Improved Cycling Performance and Safety Characteristics of NMC811/G-Si Battery Cells with an Optimised Electrolyte Formulation

Abstract

An increase in the practical energy density of anodes can be achieved when using 10%–25% silicon in graphite composite anodes. This is sufficient as the practical capacity of lithium-ion batteries (LIBs) is limited by the cathode capacity and applicable current densities (<4 mA cm−2). Using an NMC811 cathode and a graphite–15% silicon (G-Si15%) composite anode, the performance of more than 20 electrolyte formulations have been evaluated. Of these formulations, EC/EMC+1.2 M LiPF6 containing FEC/VC or LiFSI/VC combinations were shown to have superior performance over the parent electrolyte. Safer to operate ionic liquid-based electrolytes (ILELs) were found to be compatible with these electrodes at moderate cycling rates, with discharge capacities 15% lower compared to the conventional electrolytes.

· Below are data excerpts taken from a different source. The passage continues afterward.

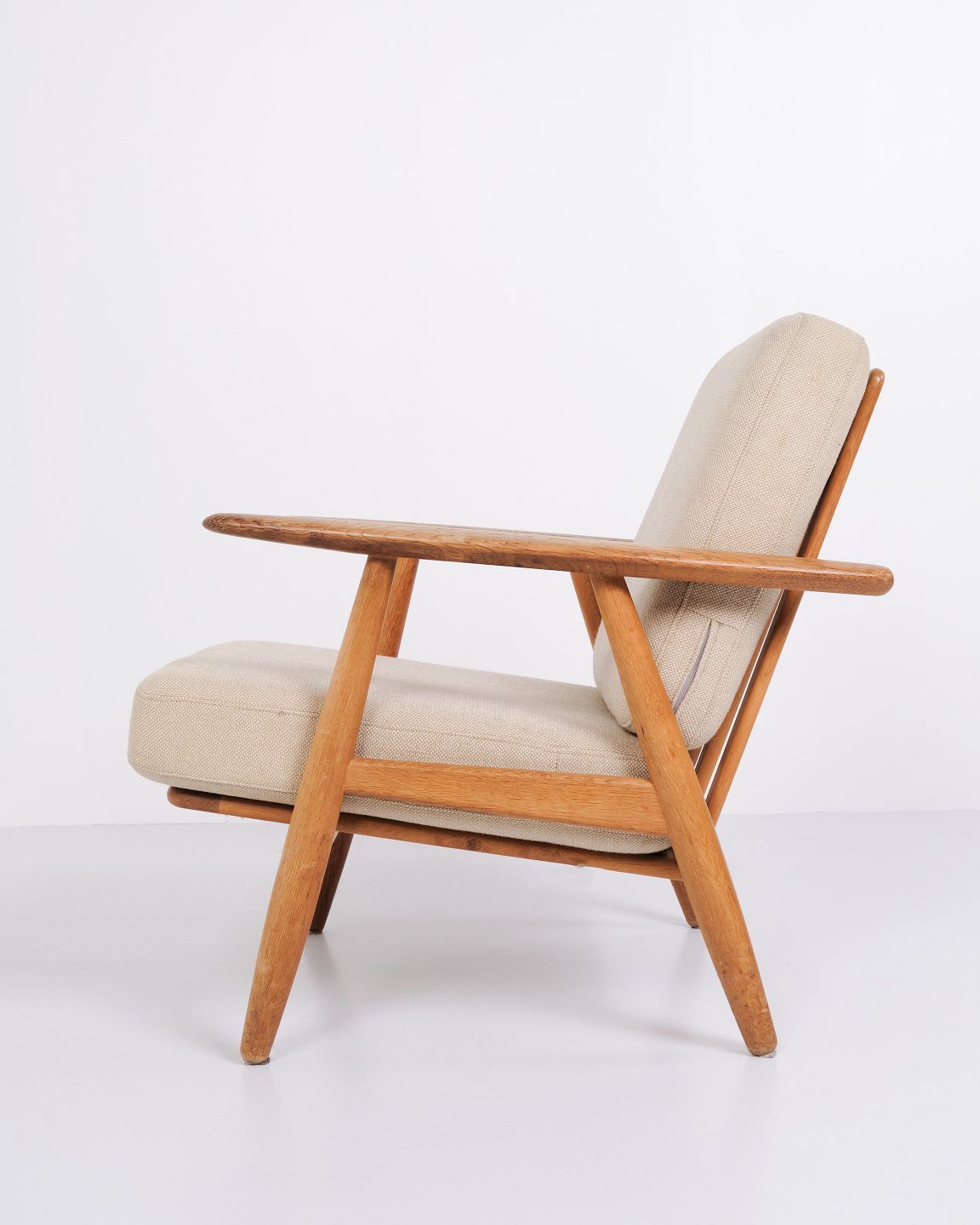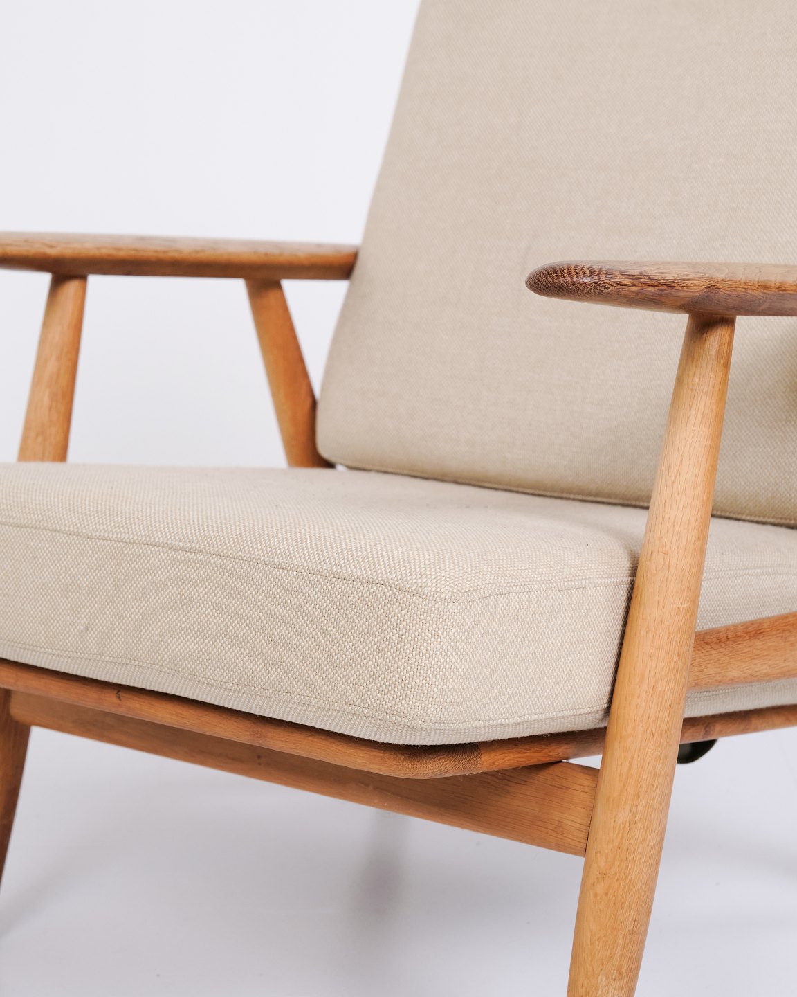 Et Par "Cigar" Lænestole - Model GE 240 - Egetræ & Lyst Stof - Hans J. Wegner - Getama - 1960erneBeschreibung:
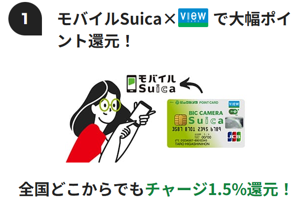 私のおすすめは、モバイルSuica(ビックカメラSuica)。
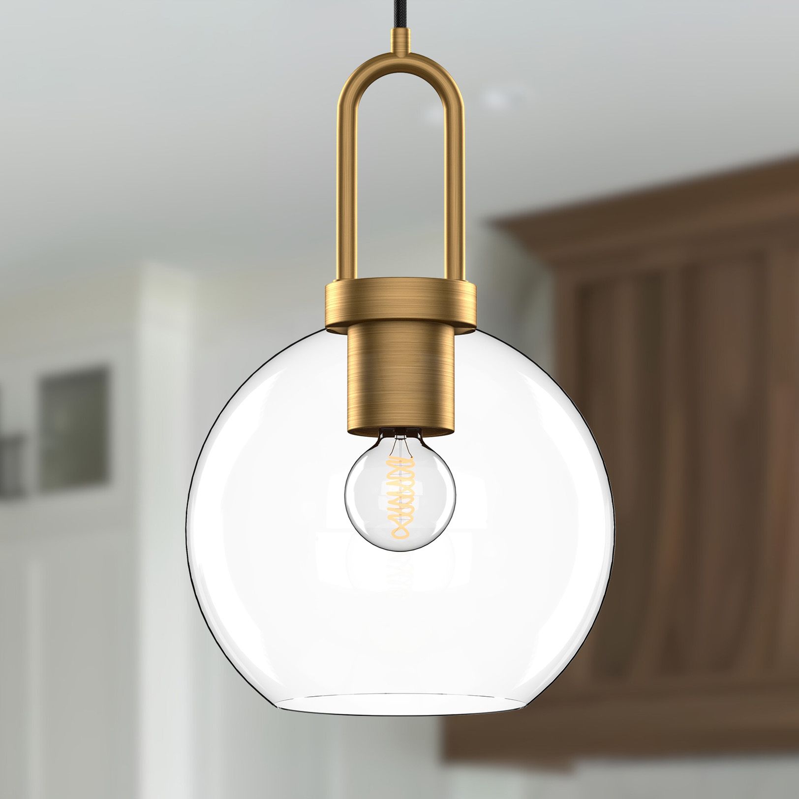 Alora Mood Soji E26 8-in Aged Gold/Clear Glass Pendant

DSC data for both electrodes, cycled and uncycled, in contact with three different electrolytes were recorded. For the cathode in contact with the ILEL, temperatures of exothermic events were higher compared to those of carbonate-based electrolyte counterparts, whereas they were significantly lower for the G-Si15% anodes. In both cases when in contact with ILEL, the heat generated is considerably higher not only compared to samples containing carbonate-based electrolytes but also with respect to data reported for common graphite electrodes with the same ILEL.